Former New Hampshire governor John Sununu and former Mississippi governor Haley Barbour have both let it be known that they're unhappy with the congressional GOP's Tea Party-inspired direction. "It's time for someone to act like a grown-up in this process," Sununu told the AP. Barbour, meanwhile, has said that Ted Cruz's plan to shut down the government in order to force the defunding of Obamacare "never had a chance."

After conducting more than a dozen interviews, the AP finds "Republican leaders, officials and strategists at all levels of the party ... faulted tea party lawmakers in the House, who have insisted that any deal to reopen the government be contingent on stripping money for the health care law." These Tea Party detractors argue the GOP should be focusing on reducing long-term spending, not obsessing over unfeasible strategies to stop Obamacare. "At the end of the day, you're fighting legislation that's already passed," former South Carolina Republican Party Chairman Katon Dawson told the AP.

More from the AP:

The anger emanating from Republicans like Sununu and Barbour comes just three years after the GOP embraced the insurgent political group and rode its wave of new energy to return to power in the House.

Now, they're lashing out with polls showing Republicans bearing most of the blame for the federal shutdown, which entered its 11th day Friday.

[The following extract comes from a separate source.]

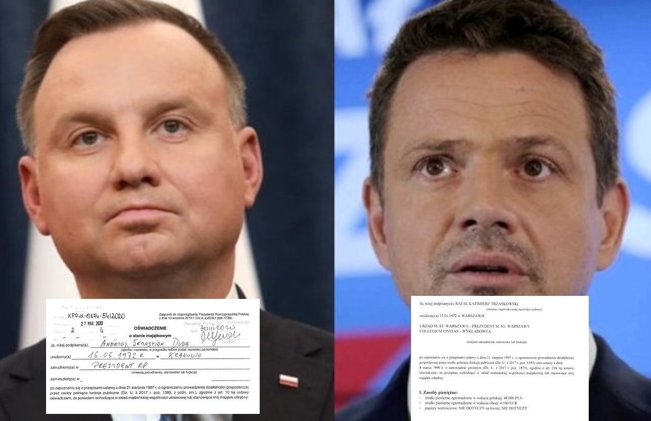 Na koncie urzędującego prezydenta jest 120 tys. zł oraz 30 tys. euro. Rafał Trzaskowski zaoszczędził zaś 48 tys. zł oraz ponad 4 tys. euro. W spadku po rodzicach dostał też mieszkanie o pow. 79 metrów kwadratowych, warte około 1 mln zł. Andrzej Duda razem z żoną jest współwłaścicielem mieszkania o takiej samej powierzchni. "Spłacamy z Agatą kredyt, jak prawie każde małżeństwo" – wyjaśnił polityk. Wobec jego oświadczenia majątkowego, ujawnionego niedawno przez Sąd Najwyższy, pojawiają się jednak poważne zarzuty ze strony opozycji.

In some places, they're laying the groundwork to take action against the tea party in the 2014 congressional elections.

Iowa Republicans are recruiting a pro-business Republican to challenge six-term conservative Rep. Steve King, a leader in the push to defund the health care law. Disgruntled Republicans are further ahead in Michigan, where second-term, tea party-backed Rep. Justin Amash is facing a Republican primary challenger who is more in line with -- and being encouraged by -- the party establishment. And business interest groups, long aligned with the Republican Party, also are threatening to recruit and fund strong challengers to tea party House members.

Tea party backers are undeterred and assail party leaders.

"They keep compromising," said Katrina Pierson, a former Dallas-area tea party organizer now challenging Rep. Pete Sessions of Texas in the 2014 GOP primary. "They all campaigned on fiscal responsibility. They just need to do what they campaigned on."

By Elias Isquith

Elias Isquith is a former Salon staff writer.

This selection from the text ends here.